LinuxQuestions.org

LinuxQuestions.org (/questions/)
-   Programming (https://www.linuxquestions.org/questions/programming-9/)
-   -   open with delayed creation (https://www.linuxquestions.org/questions/programming-9/open-with-delayed-creation-4175675186/)

Skaperen 05-13-2020 09:30 PM

open with delayed creation
 
i would like to be able to open a file without actually creating it until the first write is performed. is there a way to do that without having a 2nd process doing that, yet get the file descriptor?

chrism01 05-14-2020 12:11 AM

Can you explain a bit why you are trying to do this?

If you are looking at 'hiding' it from other processes until it has some data in it, there are various solns depending on the rules/circumstance that apply.

NevemTeve 05-14-2020 02:42 PM

> is there a way to do that without having a 2nd process doing that

How could a second process help in your problem?

dugan 05-15-2020 09:55 AM

Quote:

Originally Posted by Skaperen (Post 6122689)
i would like to be able to open a file without actually creating it until the first write is performed. is there a way to do that without having a 2nd process doing that, yet get the file descriptor?

No, you can't have a file descriptor without a corresponding file (using the broad *nix definition of "file").

And note that you typically don't keep open-for-writing file handles open anyway. Typically, you'd build the file contents in memory, open the file for writing, write immediately, close immediately.

Skaperen 05-15-2020 06:50 PM

Quote:

Originally Posted by NevemTeve (Post 6123026)
> is there a way to do that without having a 2nd process doing that

How could a second process help in your problem?

a 2nd process could have a pipe connected to it and delay the open() until there is data to write. BTDT.

Skaperen 05-15-2020 06:52 PM

Quote:

Originally Posted by chrism01 (Post 6122710)
Can you explain a bit why you are trying to do this?

If you are looking at 'hiding' it from other processes until it has some data in it, there are various solns depending on the rules/circumstance that apply.

so there is never a time when the file exists but is empty.

scasey 05-15-2020 06:59 PM

Quote:

Originally Posted by dugan (Post 6123521)
And note that you typically don't keep open-for-writing file handles open anyway. Typically, you'd build the file contents in memory, open the file for writing, write immediately, close immediately.
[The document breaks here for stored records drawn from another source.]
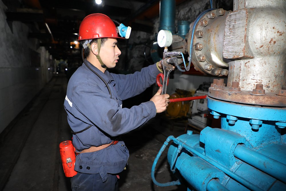 2024年4月30日,冀中能源峰峰集團(tuán)新屯礦機(jī)電區(qū)副區(qū)長顧博在井下泵房檢修水泵。新華社發(fā)
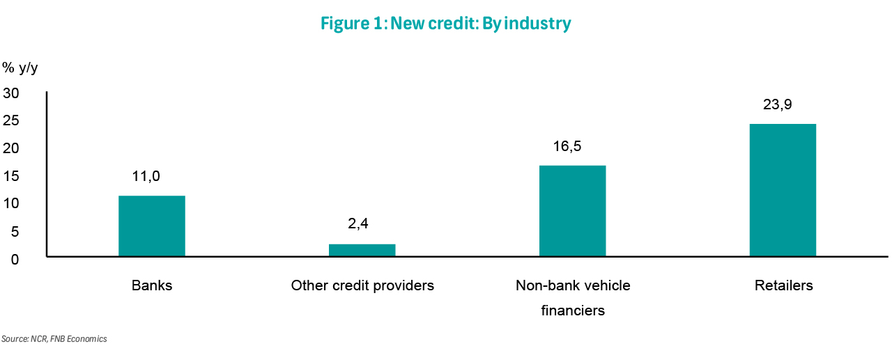 Banks remain dominant, issuing R122.7 billion (+11% y/y) and holding 78.6% market share. However, retailers posted the fastest growth, up 24% y/y to R12.2 billion, lifting their share to 7.8%. This reflects the rising popularity of in-store credit, driven by discretionary and durable goods purchases. Non-bank vehicle financiers also expanded significantly by 16.5% y/y to R11.5 billion, while other providers, including micro-lenders, grew modestly (+2.4% y/y) to R9.7 billion.
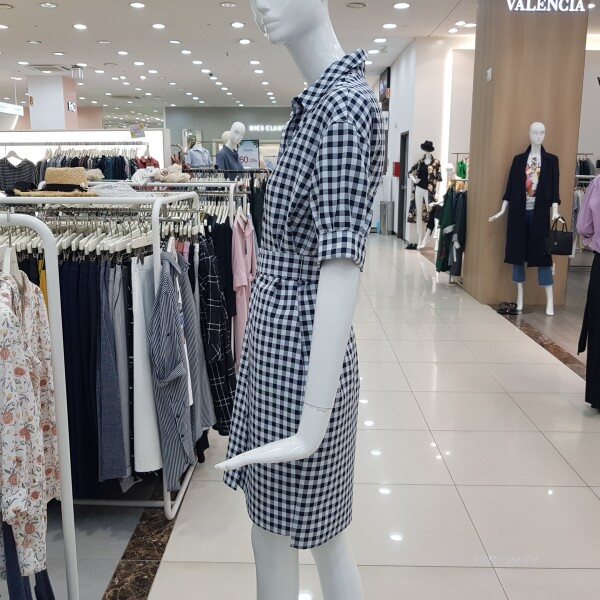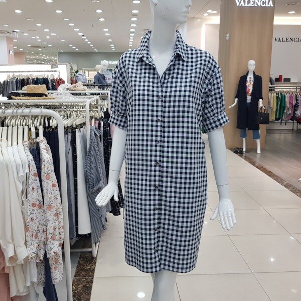 시원하고 구김안가는원단의 큰체크가 포인트인 셔츠형 일자박시원피스입니다.
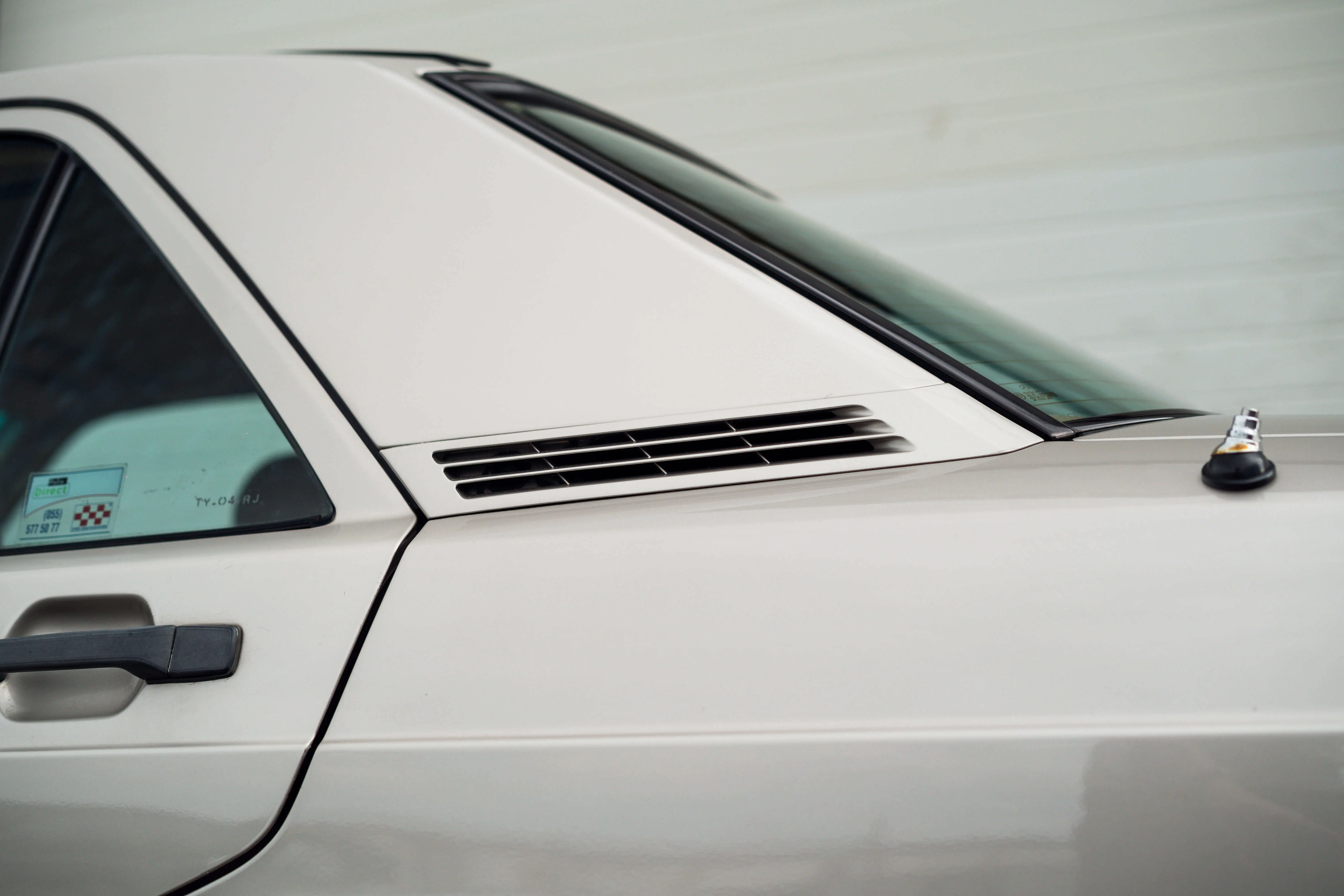 De auto staat erg netjes in de lak, rondom zijn natuurlijk wel lakschades te bekennen, maar geen schokkende dingen. Rauch Silber staat mooi in combinatie met de modelpflege Bruno Sacco kappen. De koets is zeer strak te noemen! Absoluut geen roest aan de auto te bekennen, alle kriksteunen zijn nog origineel en netjes.
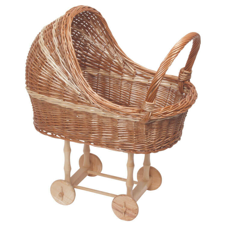 Vesszőből készült fonott babakocsi, fa vázzal. Játékbabáknak tökéletes választás. Kiválóan alkalmas szerepjátékokhoz, mely segítségével fejlődik a képzelőerő, a nyelvi- és kapcsolatteremtő képesség.
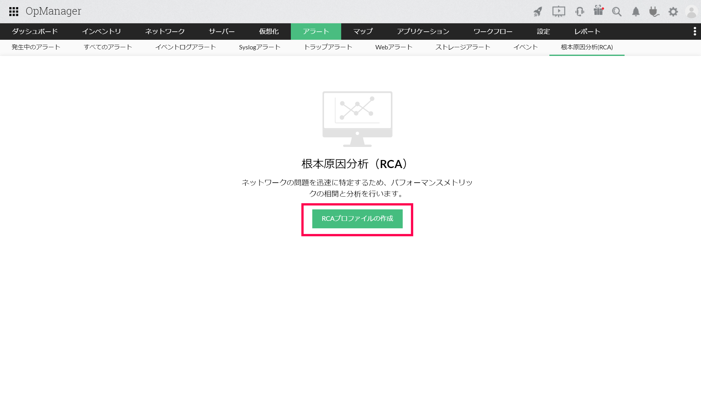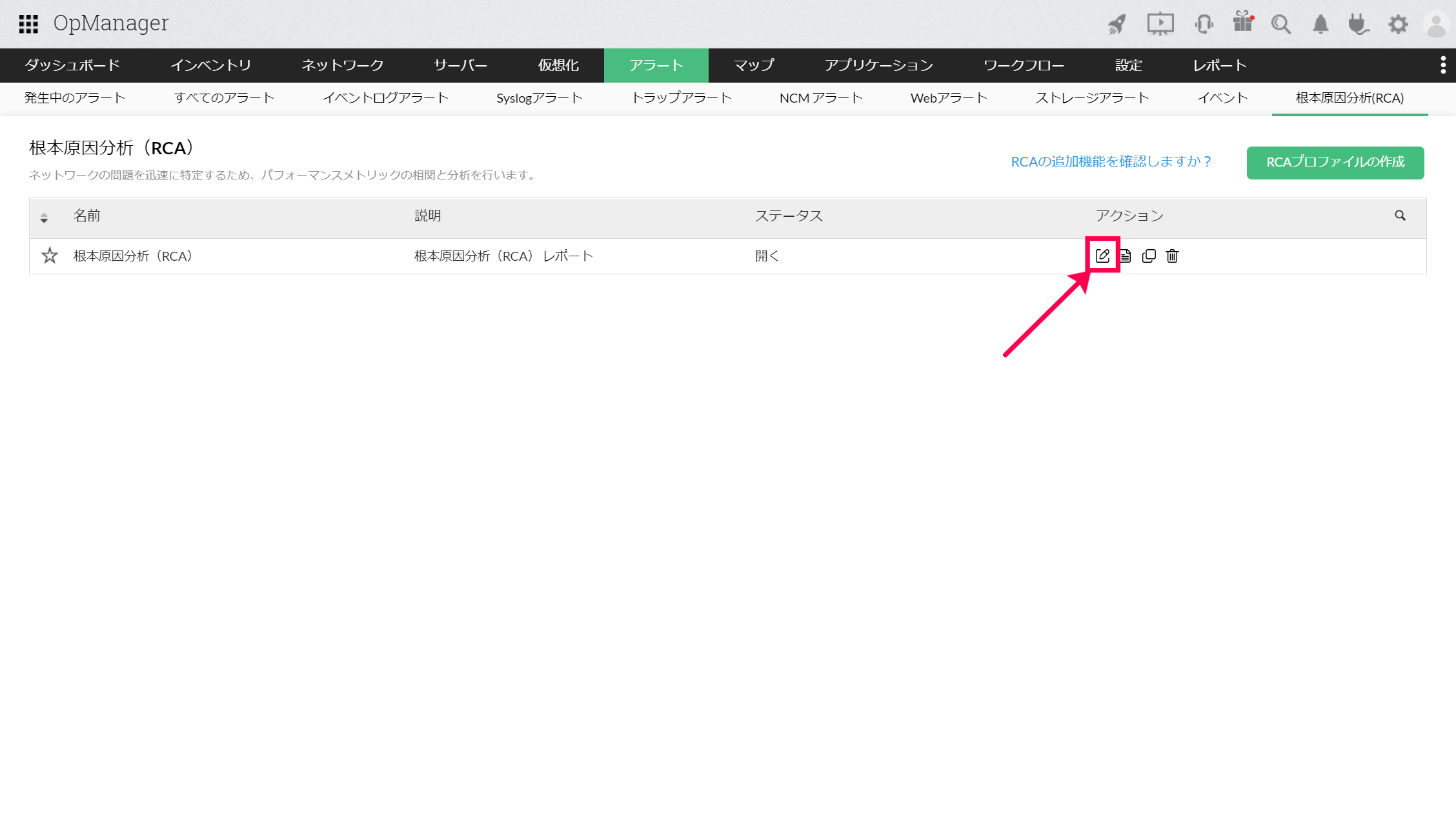 作成済みのRCAプロファイルを再度編集する場合は、[アラート]→[根本原因分析(RCA)]から、

Yes. Simply don’t open the file until you’re ready to write to it...

Skaperen 05-15-2020 07:02 PM

Quote:

Originally Posted by dugan (Post 6123521)
No, you can't have a file descriptor without a corresponding file (using the broad *nix definition of "file").

And note that you typically don't keep open-for-writing file handles open anyway. Typically, you'd build the file contents in memory, open the file for writing, write immediately, close immediately.

i have never written any code in C that builds the whole file content in memory before writing it. but i have had to do that a few times in Python. my C programs always did a appropriate write when the data to be written was available. i often has cases where data was buffered and no more that one buffer was written (small file) so in those cases, sure, it did end up collection the whole file. but it could have had large data and written many buffers.

GazL 05-16-2020 04:12 AM

One common approach is to first create the file with a temporary name, then rename it once it is "ready". You often see this with file downloaders, where they'll add a .partial suffix until the file is complete.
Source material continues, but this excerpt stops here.